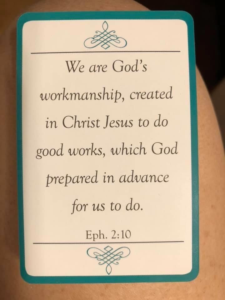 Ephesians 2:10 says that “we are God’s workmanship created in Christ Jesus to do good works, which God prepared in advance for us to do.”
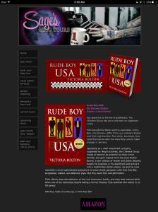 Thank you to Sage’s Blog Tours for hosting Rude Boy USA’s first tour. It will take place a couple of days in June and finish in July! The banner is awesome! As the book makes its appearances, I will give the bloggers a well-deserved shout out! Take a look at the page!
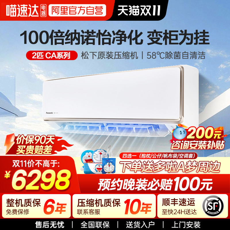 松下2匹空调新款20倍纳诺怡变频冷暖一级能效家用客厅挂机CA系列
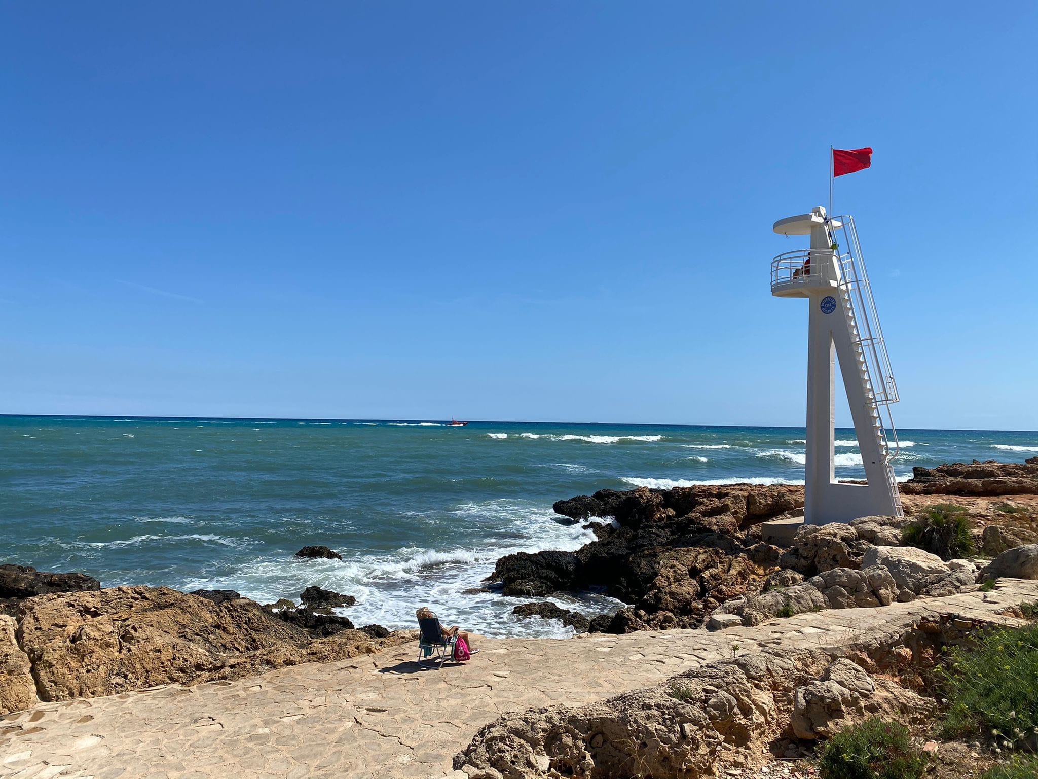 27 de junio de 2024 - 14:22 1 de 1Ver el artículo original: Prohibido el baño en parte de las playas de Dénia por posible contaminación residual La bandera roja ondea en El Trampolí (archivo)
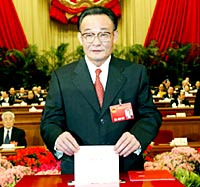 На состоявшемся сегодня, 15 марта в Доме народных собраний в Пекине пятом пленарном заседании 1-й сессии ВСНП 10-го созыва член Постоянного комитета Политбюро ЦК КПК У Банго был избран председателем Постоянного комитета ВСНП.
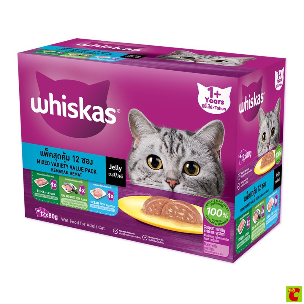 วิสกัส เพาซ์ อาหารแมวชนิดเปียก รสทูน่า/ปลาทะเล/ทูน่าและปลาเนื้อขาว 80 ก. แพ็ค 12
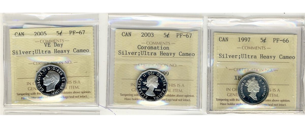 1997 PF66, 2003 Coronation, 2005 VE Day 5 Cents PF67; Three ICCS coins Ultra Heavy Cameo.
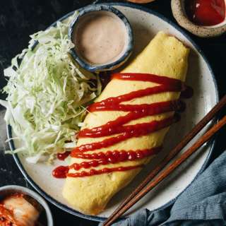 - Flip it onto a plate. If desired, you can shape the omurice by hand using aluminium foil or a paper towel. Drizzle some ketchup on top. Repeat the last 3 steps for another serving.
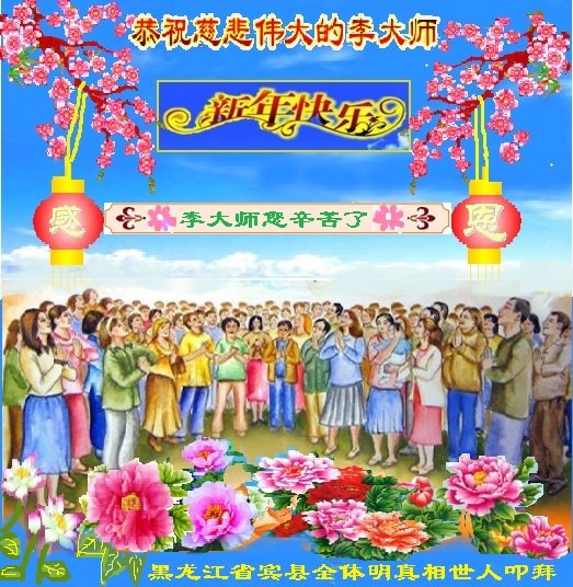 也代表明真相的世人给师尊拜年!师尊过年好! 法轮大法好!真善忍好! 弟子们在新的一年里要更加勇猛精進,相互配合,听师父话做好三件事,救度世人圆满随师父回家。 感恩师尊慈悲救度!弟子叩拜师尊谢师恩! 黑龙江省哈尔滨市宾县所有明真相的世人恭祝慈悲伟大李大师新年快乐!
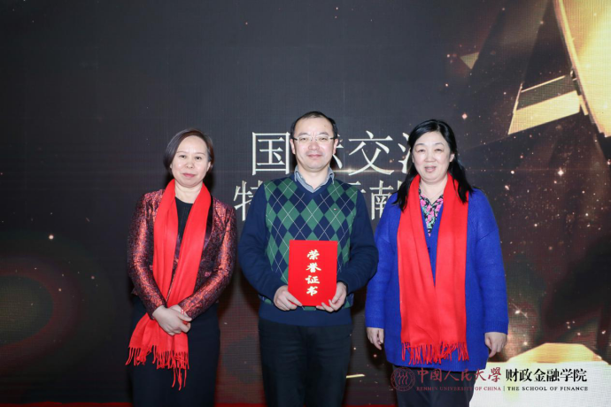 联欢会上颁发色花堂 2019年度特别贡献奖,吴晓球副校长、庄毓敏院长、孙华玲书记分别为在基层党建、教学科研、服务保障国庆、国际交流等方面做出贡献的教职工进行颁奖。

+++

Task goal ▸ Only the lines from the one containing "- Flip it onto" through the final line of the material should appear in the answer, copied exactly and without any picture.

Reply ▸
 - Flip it onto a plate. If desired, you can shape the omurice by hand using aluminium foil or a paper towel. Drizzle some ketchup on top. Repeat the last 3 steps for another serving.
 也代表明真相的世人给师尊拜年!师尊过年好! 法轮大法好!真善忍好! 弟子们在新的一年里要更加勇猛精進,相互配合,听师父话做好三件事,救度世人圆满随师父回家。 感恩师尊慈悲救度!弟子叩拜师尊谢师恩! 黑龙江省哈尔滨市宾县所有明真相的世人恭祝慈悲伟大李大师新年快乐!
 联欢会上颁发色花堂 2019年度特别贡献奖,吴晓球副校长、庄毓敏院长、孙华玲书记分别为在基层党建、教学科研、服务保障国庆、国际交流等方面做出贡献的教职工进行颁奖。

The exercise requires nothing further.